St Johnstone keeper Alan Mannus claims cocky Rosenborg paid the price for failing to take their Europa League clash seriously enough.

Tommy Wright's side completed a famous 2-1 aggregate win over the Norwegian league leaders to send them spinning out at just the second qualifying round.

But Mannus believes the former Champions League quarter-finalists, whose wage bill is 18 times Wright's £1million budget, failed to show Saints enough respect after they stunned them with a 1-0 win in Trondheim.

Rosenborg striker Nicki Nielsen admitted he was surprised by how good the Scots were after the first leg, while boss Per Joar Hansen insisted his team were still the better equipped to progress.

Stevie May, however, ensured St Johnstone claimed a major scalp when his equaliser confirmed a 1-1 draw in the McDiarmid Park return.

And Mannus, whose side will now take on FC Minsk of Belarus in the third qualifying round, said: "Their budget is so much bigger than ours, but for a team that was supposed to be in the Champions League a few years ago I think they underestimated us.

"They were a bit arrogant with some of the things I heard that they had said. I don't read the papers but some of the boys in the changing room told me what had been said. Rosenborg thought it was going to be a case of turning up and winning.

"They thought they were so much better and I don't think they even came to watch us play.

"That shows a certain level of arrogance if that was the case and it has backfired on them."

May has spent the last year-and-a-half on loan with first Alloa and then Hamilton but has been recalled to Perth by new Saints boss Wright.

And his faith in the 20-year-old striker was repaid immediately with the crucial leveller that cancelled out Alexander Soderlund's fourth-minute strike for the visitors.

Mannus now expects to see big things from the Perth-born frontman.

He said: "I've seen him in training and he can strike the ball the way Cristiano Ronaldo does, so that it moves all over the place.

"He's not the type of guy to get fazed by big games and he showed that against Rosenborg and the way he took his goal.

"It was a very calm finish after nicking in between the goalkeeper and defender."

St Johnstone, whose opening league fixtures with Hearts and Kilmarnock have both been pushed back by 24 hours to accommodate their next Europa League tie, survived a late bombardment to see off their opponents.

Mannus was required to make two crucial blocks in the final 20 minutes to add to a string of saves in Trondheim.
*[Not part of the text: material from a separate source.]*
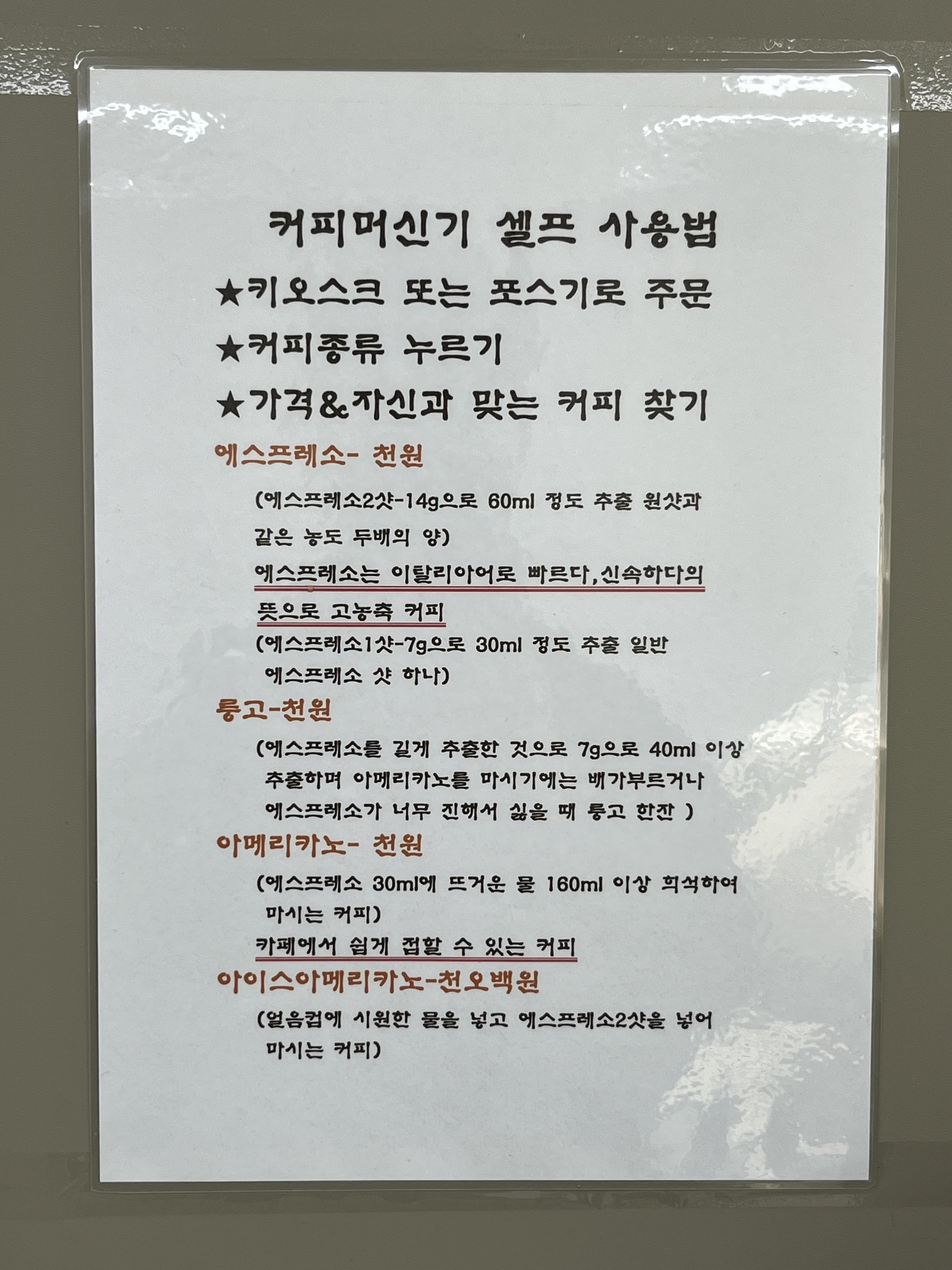 강릉시립중앙도서관 지하에 위치한 식당. 사람에 따라 양이 많거나 푸짐하게 느껴지지 않을 수있지만, 가격이 워낙 저렴해 가볍게 한 끼 먹기 좋다. 음식 외 라면과 음료수 커피 등도 판매한다. 어르신들의 일자리를 제공하는 사업으로 운영되어 의미도 있다!

But the keeper admitted a broken scoreboard left him fretting in the closing stages.

"There's no time up on the board so you have no idea how long is left," he explained.

"At one point I thought to myself, 'We must be in the last 10 minutes now'.

"When the referee came over I had a look at his watch and it said there was another 20 minutes to go.

"That wasn't what I wanted to see and it seemed to be a really long second half.

"But we defended brilliantly, especially in those closing minutes and we deserved to go through."